__Task requirements__. Could you output the whole listing exactly as it stands, minus any images?
* * * * * * *
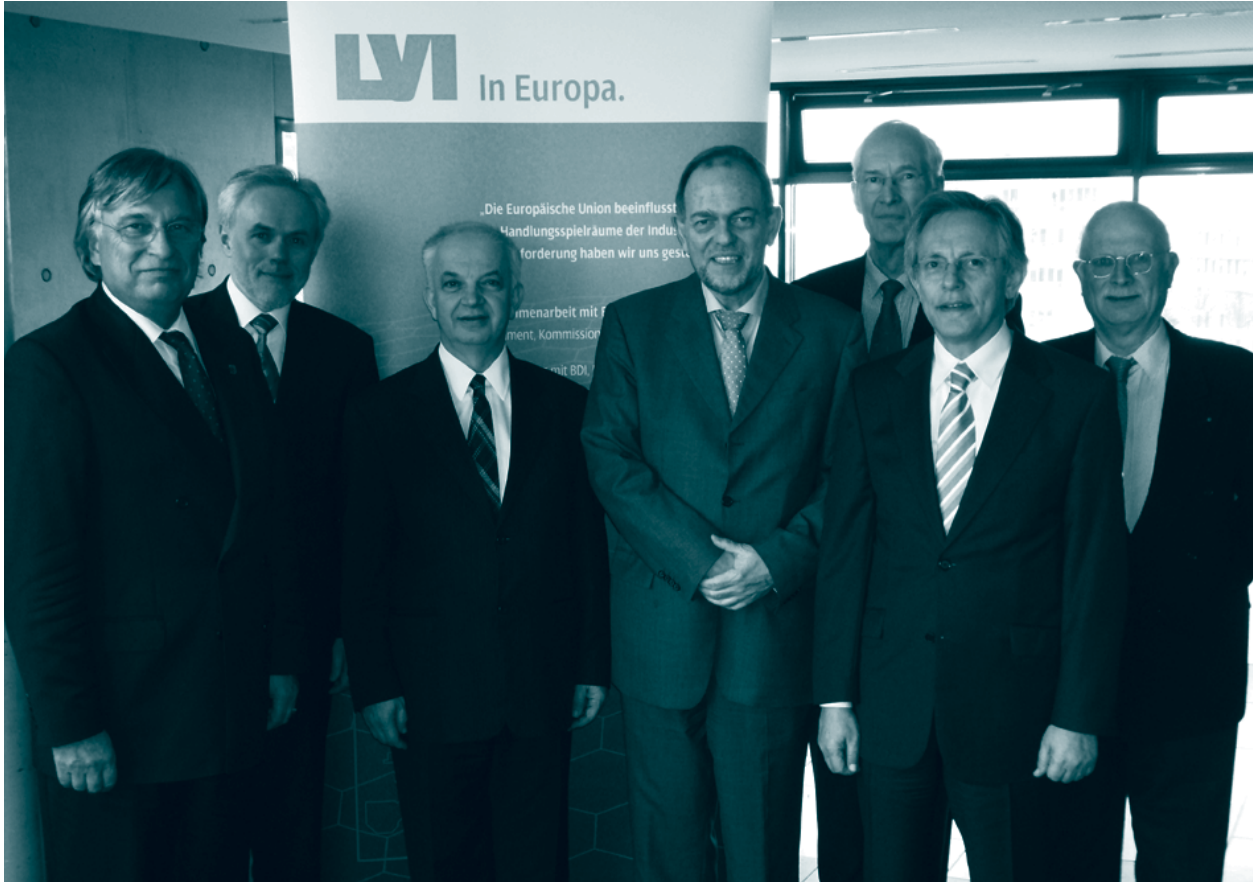
LVI iş geliştirme ve işbirliği toplantısı, 1 Nisan 2009, Stuttgart

işbirliğini güçlendirmeyi amaçlayan bir protokol imzalandı.
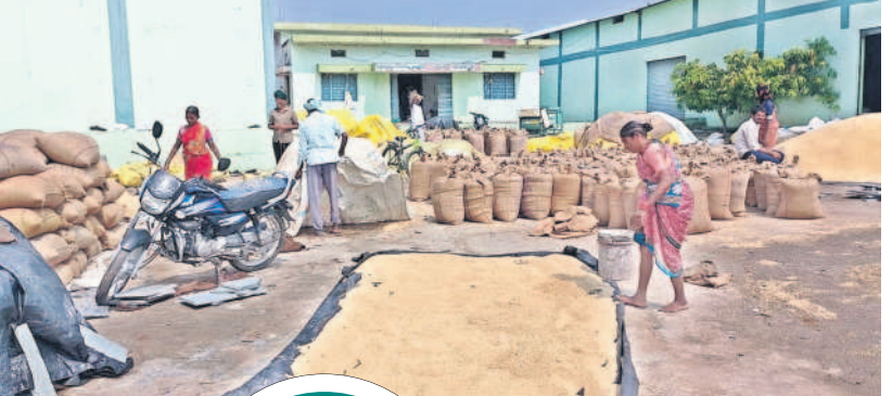
తడిసిన దాన్యాన్ని ఆరబెడుతున్న రైతులు
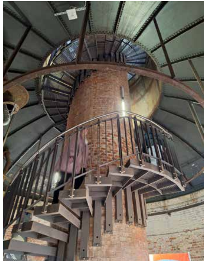
▲ Wasserturm Salbke Magdeburg

Ein wichtiger Schritt war die Veröffentlichung des Online-Portals www.industriekultursachsen-anhalt.de , das Ende 2024 online ging. Es bündelt Wissen, Geschichten und Materialien und macht die Vielfalt der Industriekultur digital erlebbar. Der weitere Ausbau des Portals zu einem Wissensspeicher mit Zeitzeugenarchiv ist in Bearbeitung.
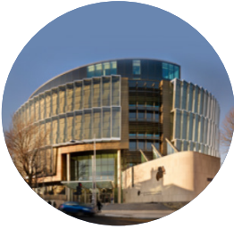
Na Cúirteanna Breithiúnais Coiriúla

Tá cúig chúirt éagsúil i gcóras cúirteanna na hÉireann. Tugtar cásanna sibhialta agus cásanna coiriúla os comhair cúirteanna éagsúla, ag braith ar an gcás.
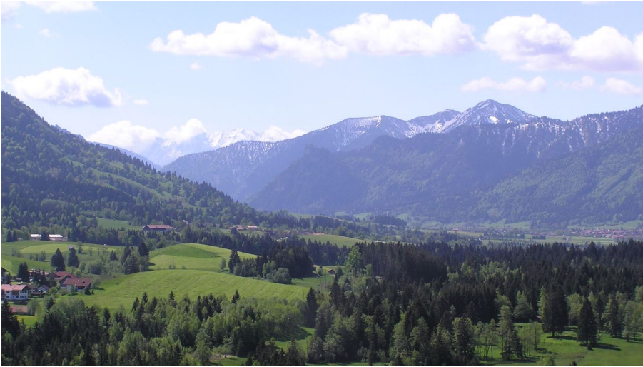
Radtour Kammerlrunde - Blick auf die Ammergauer Alpen
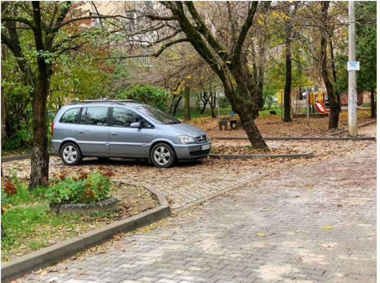
Виконання капітального ремонту міжбудинкового проїзду та прибудинкової території на набережній ім. В. Стефаника, 4
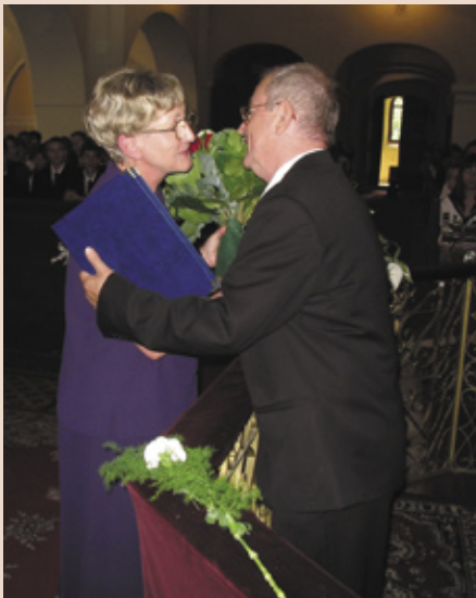
A díjátadás pillanatai

ményünkben töltötte életét gyermekkorától kezdve.
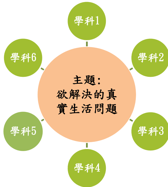
表一、主題跨域課程之課綱關聯圖
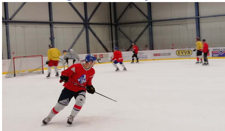
Martinskí hokejisti využívali cez leto aj tréningovú halu v Krásne n. Kys.

Ak sa podarí dokončiť tréningovú halu (rozmery klziska budú identické, ako má hlavná hracia plocha, bude prepojená spojovacím krčkom s veľkou halou, kde sú šatne i celé zázemie, a mala by byť prevádzkovaná 12 mesiacov v roku), bolo by to veľkým prínosom pre hokejovú mládež v Martine. Ale pomohla by to aj krasokorčuľovaniu a športovej verejnosti. Je to potrebné aj preto, že v prípade novej plochy bude relatívne
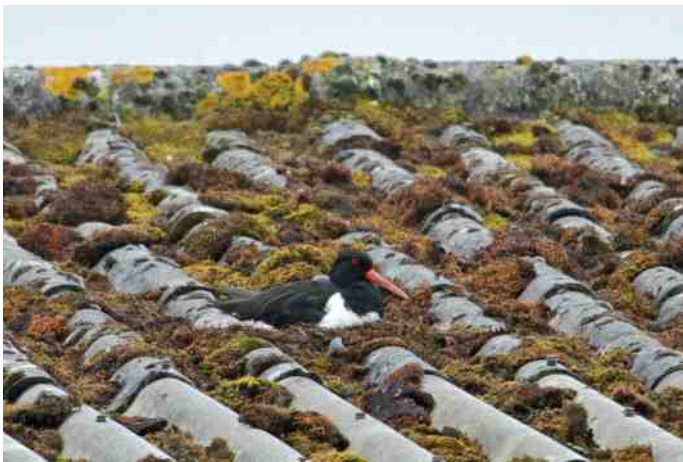
Broedende Scholekster op golfplatendak langs de Rottebandreef bij het Trefpunt.

proberen de ouder-scholeksters het elk jaar weer opnieuw". Er zijn er ook berichten over succesvolle broedgevallen. In de omgeving van de Söderblomplaats in Ommoord volgde Ellen Beckmann weer twee paar die hier al enkele jaren broedden. Dit jaar werden van elk paar met succes twee jongen vliegvlug.
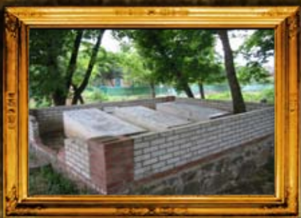
ליניץ: אוהל צדיקים
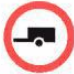
3.7 Движение с прицепом запрещено
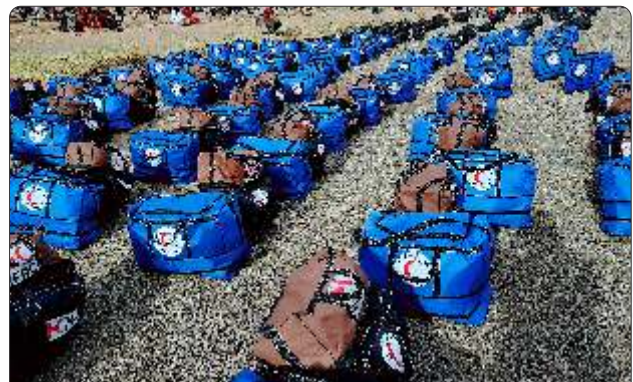
که چېرې ارمنو ته د مرستې رسونې هوډ لرئ، افغاني سره میاشت یې لاره ده.
* * * * * * *
__Finished task__.
LVI iş geliştirme ve işbirliği toplantısı, 1 Nisan 2009, Stuttgart

işbirliğini güçlendirmeyi amaçlayan bir protokol imzalandı.
తడిసిన దాన్యాన్ని ఆరబెడుతున్న రైతులు
▲ Wasserturm Salbke Magdeburg

Ein wichtiger Schritt war die Veröffentlichung des Online-Portals www.industriekultursachsen-anhalt.de , das Ende 2024 online ging. Es bündelt Wissen, Geschichten und Materialien und macht die Vielfalt der Industriekultur digital erlebbar. Der weitere Ausbau des Portals zu einem Wissensspeicher mit Zeitzeugenarchiv ist in Bearbeitung.
Na Cúirteanna Breithiúnais Coiriúla

Tá cúig chúirt éagsúil i gcóras cúirteanna na hÉireann. Tugtar cásanna sibhialta agus cásanna coiriúla os comhair cúirteanna éagsúla, ag braith ar an gcás.
Radtour Kammerlrunde - Blick auf die Ammergauer Alpen
Виконання капітального ремонту міжбудинкового проїзду та прибудинкової території на набережній ім. В. Стефаника, 4
A díjátadás pillanatai

ményünkben töltötte életét gyermekkorától kezdve.
表一、主題跨域課程之課綱關聯圖
Martinskí hokejisti využívali cez leto aj tréningovú halu v Krásne n. Kys.

Ak sa podarí dokončiť tréningovú halu (rozmery klziska budú identické, ako má hlavná hracia plocha, bude prepojená spojovacím krčkom s veľkou halou, kde sú šatne i celé zázemie, a mala by byť prevádzkovaná 12 mesiacov v roku), bolo by to veľkým prínosom pre hokejovú mládež v Martine. Ale pomohla by to aj krasokorčuľovaniu a športovej verejnosti. Je to potrebné aj preto, že v prípade novej plochy bude relatívne
Broedende Scholekster op golfplatendak langs de Rottebandreef bij het Trefpunt.

proberen de ouder-scholeksters het elk jaar weer opnieuw". Er zijn er ook berichten over succesvolle broedgevallen. In de omgeving van de Söderblomplaats in Ommoord volgde Ellen Beckmann weer twee paar die hier al enkele jaren broedden. Dit jaar werden van elk paar met succes twee jongen vliegvlug.
ליניץ: אוהל צדיקים
3.7 Движение с прицепом запрещено
که چېرې ارمنو ته د مرستې رسونې هوډ لرئ، افغاني سره میاشت یې لاره ده.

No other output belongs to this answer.